Monday, February 18, 2013

Weekly Column: The Final Stretch: Progress on U.S. 1, Transportation Negotiations and School Reform

The following is my column that will appear in the Mt. Vernon Gazette, The Mt. Vernon Voice and Patch in the week of February 19, 2013.

The Final Stretch: Progress on U.S. 1, Transportation Negotiations and School Reform

As we move to the end of the General Assembly session, we are engaged in intense negotiations on the major issues. Also, we have had significant progress on U.S. 1.

Earlier this session, Senator Puller and I culminated four years of work to build support for a U.S. 1 study when the McDonnell Administration confirmed that it is holding $2 million to fund the next U.S. 1 improvement study. Last week, I met with over a dozen state, local and regional stakeholders here in Richmond to discuss the next steps on planning U.S. 1 improvements.
The study will have several elements. It will likely focus on the stretch of U.S. 1 from the Occoquan River to Alexandria’s southern boundary. Second, there is a consensus that we must consider all modes of transit – Metrorail, light rail and bus rapid transit. Third, it will be based on the regional population, employment and household forecasts maintained by the Washington Metropolitan Council of Governments (COG). Some of these estimates may be larger than those in the Fairfax County Comprehensive Plan. In addition, the study may include the impact that increased density has on transit ridership, if funding permits. We should know more specifics and timeframes in the next two weeks. We will issue a joint announcement and set up an informational website.
Planning for a new U.S. 1 will be an academic exercise without money. The numerous potholes in our roads confirm that the state has none. Legislators are negotiating transportation legislation as I write this column and I have serious concerns. One proposal would divert funds now devoted to education, public safety and healthcare to transportation. Virginia has budgeted to spend less per student on secondary education today than we spent in the 2007-2008 biennium. We can’t pave roads with textbooks.

Another concern is how well Northern Virginia’s interests are represented. The Commonwealth Transportation Board (CTB) decides which projects get funded. NOVA, Hampton Roads and Richmond have 65% of Virginia’s population and 33% of the votes on the CTB. My legislation to rebalance the CTB’s votes based on actual population was killed by the House by two votes after rural legislators erupted. Northern Virginia needs to be more fairly represented on the CTB so that we get our fair share of transportation money.

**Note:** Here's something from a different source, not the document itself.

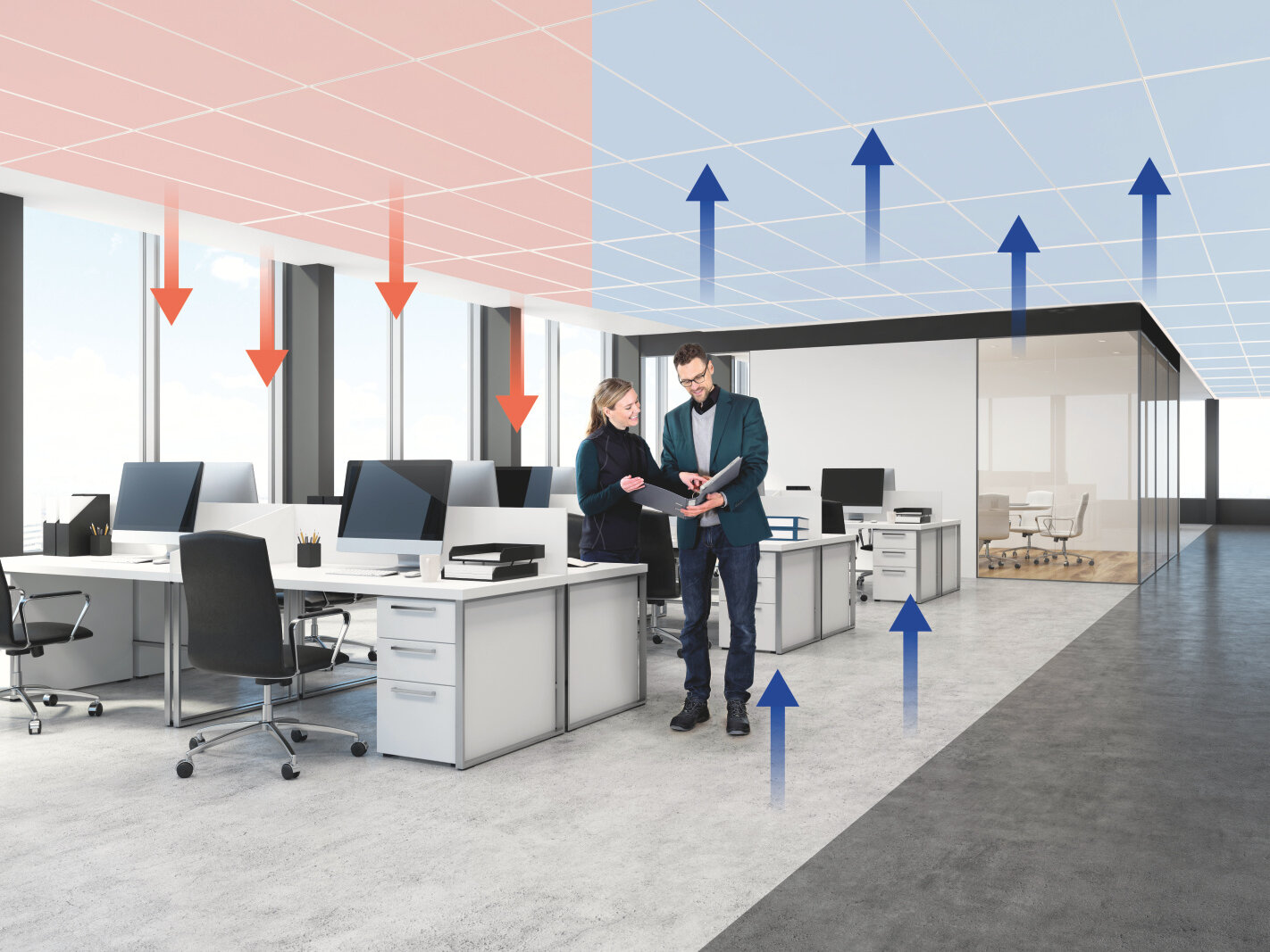 I pannelli radianti a soffitto sono un metodo efficace di raffrescamento, particolarmente vantaggioso in combinazione con una pompa di calore. L'energia termica esistente negli ambienti interni viene trasferita al pannello radiante a soffitto o al fluido di trasferimento termico freddo (acqua) nel pannello. Questa energia viene poi rilasciata nell'ambiente attraverso la pompa di calore. I pannelli radianti a soffitto sfruttano il calore/raffrescamento radiante per garantire un clima ambientale uniforme e gradevole, senza movimenti d'aria fastidiosi. Poiché i pannelli radianti a soffitto sono spesso utilizzati su ampie superfici, questo sistema è potente e molto efficiente, sia per il raffrescamento che per il riscaldamento.
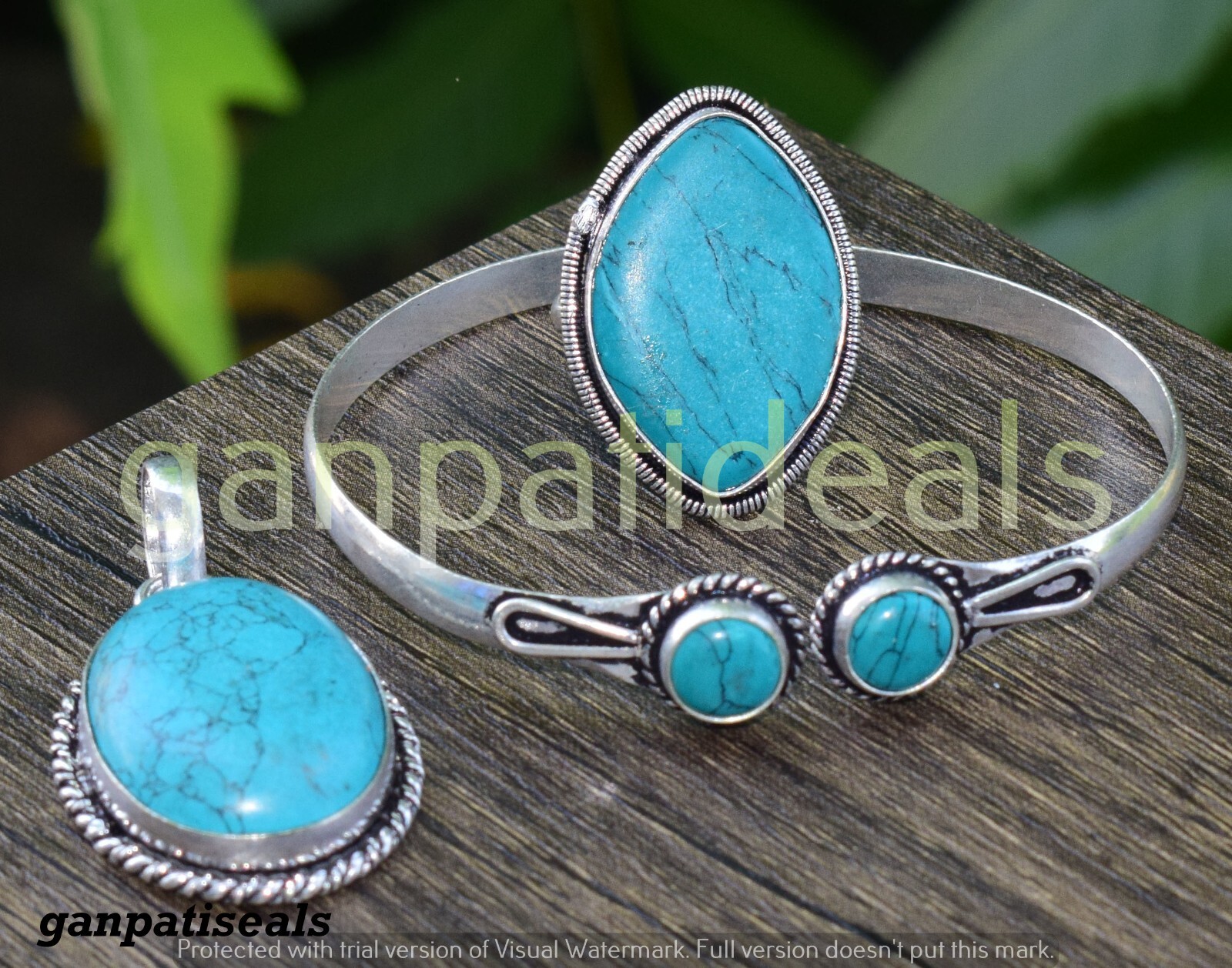 BULK SALE ! Turquoise Gemstone Mix Shape 3pcs Combo 925 Silver Plated Jewelry

I am also concerned about establishing a local transportation tax unless language is included which prohibits the CTB from reducing our state funding because we devote local funds to transportation. Without protections in law, we will not get our fair share.

Lastly, the numbers being considered are entirely too meager. The state needs $4-5 billion per year in new funding. The most optimistic high-end projections of any plan are $1.4 billion per year or about 20% of our long-term need. At that rate, U.S. 1 road and transit improvements will be funded by about 2050. I want a long-term fix, not more short-term measures designed for election protection.

When this is printed, a compromise plan will probably have been announced. I am still undecided. Please email me your views.

Secondary education reform is also on the calendar. I was one of three House Democrats to vote for Governor McDonnell’s proposal to give schools letter grades (A-F) modeled on a Jeb Bush proposal. Our current school rating labels are indecipherable techno-speak that take a graduate school education to understand. Simplifying this system will provide everyone clearer information on the quality of our schools and foster improvement.

Governor McDonnell has proposed creating a new Richmond control board to take over non-performing schools modeled on a Louisiana program. I strongly oppose this concept. Once a school is removed from local control, local taxpayers would still have to bear the costs, but have no say in school operations or policies. Parents would have no school board member to call. While some school boards in Virginia are dysfunctional, a central-government takeover is not the way to fix local school problems.

We have several critical votes coming up this week. Please stay posted and let me know if you have feedback. It is an honor to serve you in Richmond.